Wednesday, October 8, 2014

Following a recent blog post in which my admiration for CapitaMall Trust's (CMT) management was once again mentioned, with the REIT's unit price having retreated from a recent high of $2.09 a unit, I decided to examine whether it makes sense for me to have some exposure to the REIT soon.


One thing that has held me back for some time is the matter of distribution yield. With an annual DPU of about 10c, give or take a small fraction, at $2.00 a unit, we have a yield of 5% and at $1.80, we have a yield of 5.55%. This is also yield made possible only with financial leverage.

Anyway, I have blogged about how rising interest rates would increase the interest cost for REITs and how it could affect their interest cover ratios and income distributions. It could also affect their valuations as investors demand cap rates which make more sense when a riskier property investment is compared with a more attractive risk free rate.

Well, these concerns could be addressed effectively as long as REITs are able to increase their rental income meaningfully. It would largely be through positive rental reversions and this would hinge upon whether tenants are willing to pay higher rents. I expect that some REITs would be able to do this better than others.

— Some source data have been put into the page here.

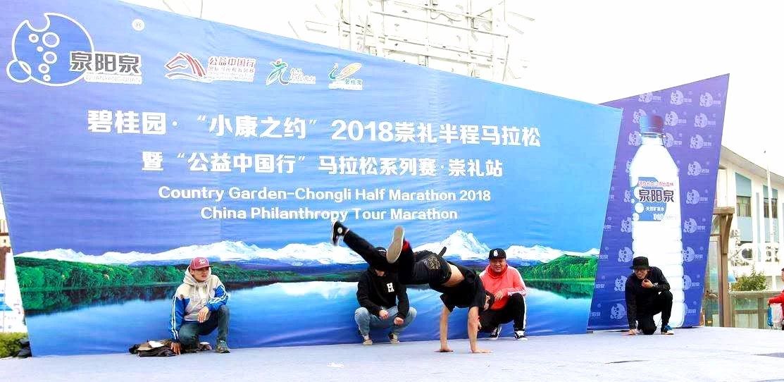 ?????? 在馬拉松賽道起點的泉陽泉品牌互動區(qū),安排了街舞及啦啦操表演,現(xiàn)場還設(shè)置了游戲互動環(huán)節(jié),玩在其中,樂在其中,增加了娛樂性,讓更多的人參與進來,感受馬拉松帶給大家的快樂。
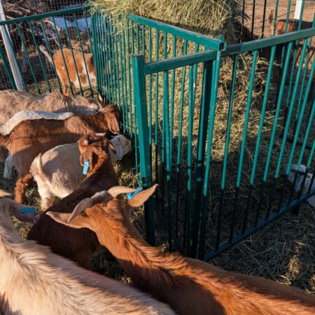 I purchased 2 of the 3″ Spacing Collapsible Sheep & Goat Feeders for my messy herd. We were going through one large round bale every few days due to the wasteful nature of goats. I put a fresh bale in the feeders when they arrived 16 days ago and those bales are still going strong because the goats haven’t been able to jump on top and spread them out.
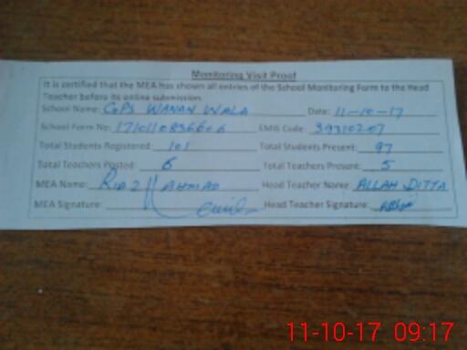 | EMIS Code: 39310207 | Name of School: GPS WANAN WALA | |||
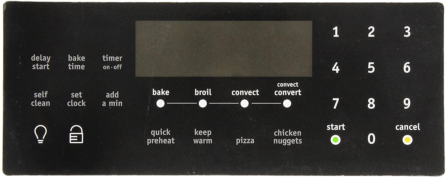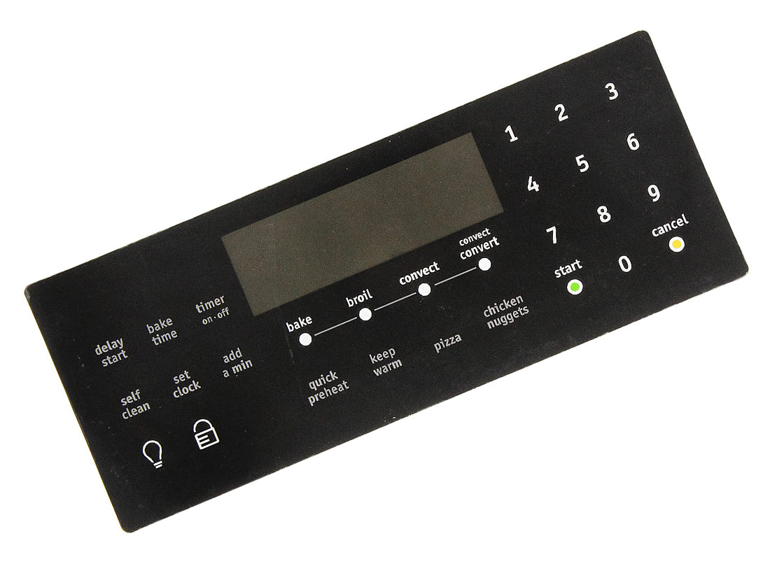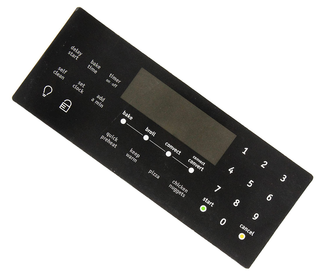 Replacement control overlay used on some Frigidaire range models.

When would tenants agree to pay higher rents?

There are probably many factors involved and only a businessman would have the full answer but factors such as the nature of the business, general economic conditions and availability of suitable alternatives come to mind. Obviously, some factors are beyond the control of even the best REIT manager.



However, for Retail REITs like CMT, if they are able to add value by encouraging shoppers to choose their malls over the competition's, they will create a win-win situation for themselves and their tenants. I believe that CMT is doing a good job of this and the REIT's tenants would appreciate this.

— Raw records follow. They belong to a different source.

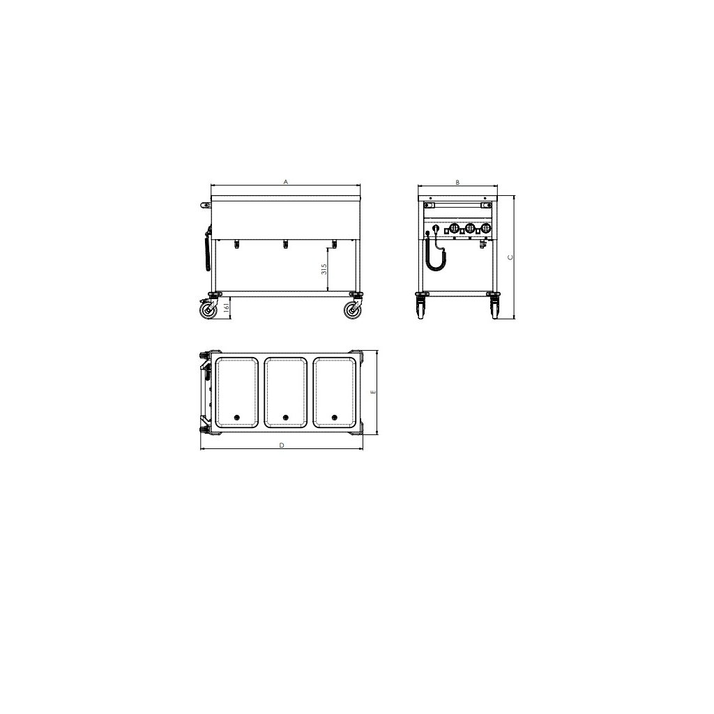 Výdejní elektrický udržovací stůl s policí, který je vhodný pro transport a výdej připraveného jídla v GN nádobách. Ovládání na krátké straně. Tři nádoby. Varianta s ohřevnou folií, která je vyhřívaná pomocí energeticky účinných, foliových topných těles s optimálním vedením tepla. Zkrácení doby ohřevu 3,5 l vody na 90 °C na max. 30 min. Úspora energie 30-40 % podle způsobu použití. Čtyř otočná kola o průměru 125 mm, z nichž dvě na přední straně jsou vybavená brzdou. Ergonomické a tepelně izolované madlo. Robustní, samonosné a hygienické provedení z vysoce kvalitní nerezové oceli. Plynule nastavitelná provozní teplota 30 - 95 °C. Každá z van může sloužit pro vložení nádoby GN 1/1-200. Vana se spádovaným dnem.
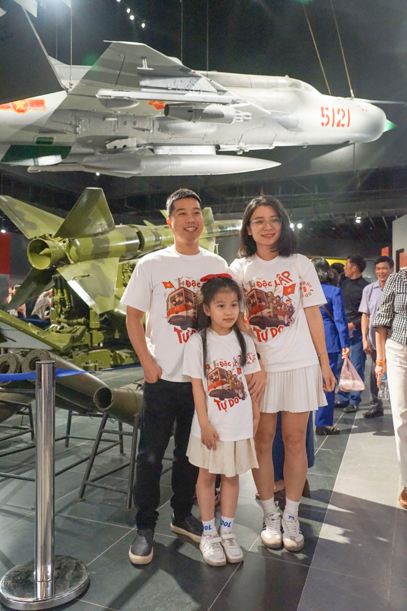 Một gia đình mặc áo in dòng chữ "Độc lập - Tự do" chụp ảnh lưu giữ khoảnh khắc ý nghĩa bên bảo vật quốc gia tại bảo tàng trước thềm kỷ niệm 30/4.
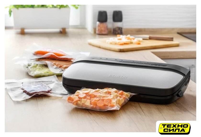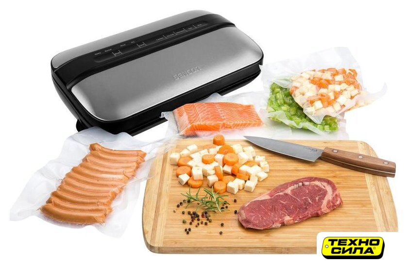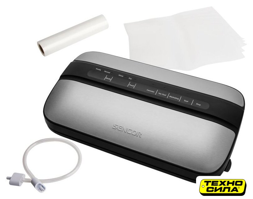 бескамерный, 110 Вт, 12 л/мин, пакет/пленка, рулон, черный/нержавеющая сталь
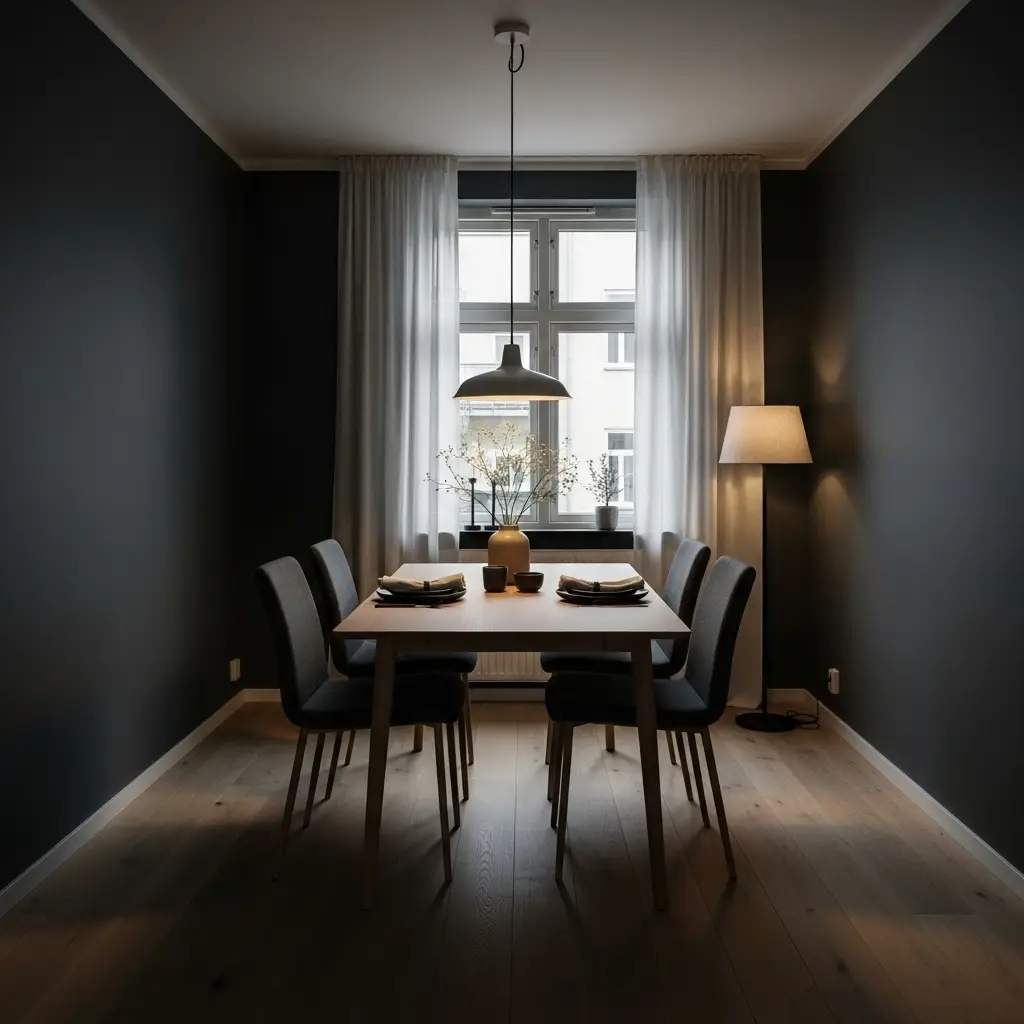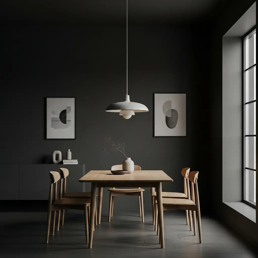 Dark walls create a moody backdrop while light wood furniture balances the space. Charcoal or deep gray paired with natural tones instantly elevates the dining room. Add neutral linens or simple tableware to maintain a modern minimal aesthetic.

Not much of a shopper myself, it is really after becoming a CapitaStar member and getting the CapitaMalls credit card that I appreciate this as I looked at the REIT through the lens of a business development manager which is the fun part for me.

Then, there is the part that is not as fun for me which are the numbers. I looked at the REIT's debt. CMT has a credit rating of A2 from Moody's. That is a relatively high rating and it helps to ensure that the REIT will have access to cheaper funding.

Correct as of June 2014, here are some numbers:
Gearing: 34.3%
Interest Cover: 4.7x
Ave. cost of debt: 3.6%
NAV/unit: $1.76

The REIT's debt maturity profile shows staggered maturities which is very comforting:


Also, 98.7% are fixed rate borrowings.

It is hard to imagine CMT being caught in any situation where they might have trouble refinancing their debt. Now, this is not saying that it cannot happen, of course, which is why, expecting interest rates to rise from middle of 2015, I think that having a larger exposure to companies which pay stable and meaningful dividends out of their earnings with little or no debt is safer than increasing exposure to leveraged income instruments like REITs.

Next, as REIT investors, we would be familiar with the argument why Industrial REITs must offer a higher yield because their land leases are much shorter (although some could hold some freehold properties which throws a spanner into the wheels of this train of thought). Anyway, I feel that what is more important is a REIT's ability to actually add value even if their land leases are getting shorter over time.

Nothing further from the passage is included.